- _Work task_
Using the data below, return the stretch from the line that contains "11月15日,前辽宁本钢队主教练杨鸣(中)在赛前领取冠军戒指。新华社记者 潘昱龙 摄pagebreak" through the line that contains "写真のように「スケジュール時間まで休止時間をオンにする」設定にして、", both included, exactly as it stands and nothing beyond it.

- _Dataset_
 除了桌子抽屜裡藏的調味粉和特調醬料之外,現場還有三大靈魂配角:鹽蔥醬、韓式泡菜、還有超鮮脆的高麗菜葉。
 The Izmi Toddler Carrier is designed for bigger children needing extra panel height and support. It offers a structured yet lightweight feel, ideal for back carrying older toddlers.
* * *
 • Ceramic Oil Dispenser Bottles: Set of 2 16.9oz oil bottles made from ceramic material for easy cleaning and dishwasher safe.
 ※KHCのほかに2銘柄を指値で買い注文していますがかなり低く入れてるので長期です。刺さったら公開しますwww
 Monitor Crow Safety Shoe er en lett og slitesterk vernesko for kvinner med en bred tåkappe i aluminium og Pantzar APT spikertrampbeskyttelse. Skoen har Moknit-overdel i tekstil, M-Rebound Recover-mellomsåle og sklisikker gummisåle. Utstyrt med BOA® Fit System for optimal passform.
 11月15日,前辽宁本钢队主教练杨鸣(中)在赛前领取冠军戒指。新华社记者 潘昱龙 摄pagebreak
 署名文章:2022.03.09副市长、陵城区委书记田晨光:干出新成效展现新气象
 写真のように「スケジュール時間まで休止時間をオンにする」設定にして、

- _Expected output_
 11月15日,前辽宁本钢队主教练杨鸣(中)在赛前领取冠军戒指。新华社记者 潘昱龙 摄pagebreak
 署名文章:2022.03.09副市长、陵城区委书记田晨光:干出新成效展现新气象
 写真のように「スケジュール時間まで休止時間をオンにする」設定にして、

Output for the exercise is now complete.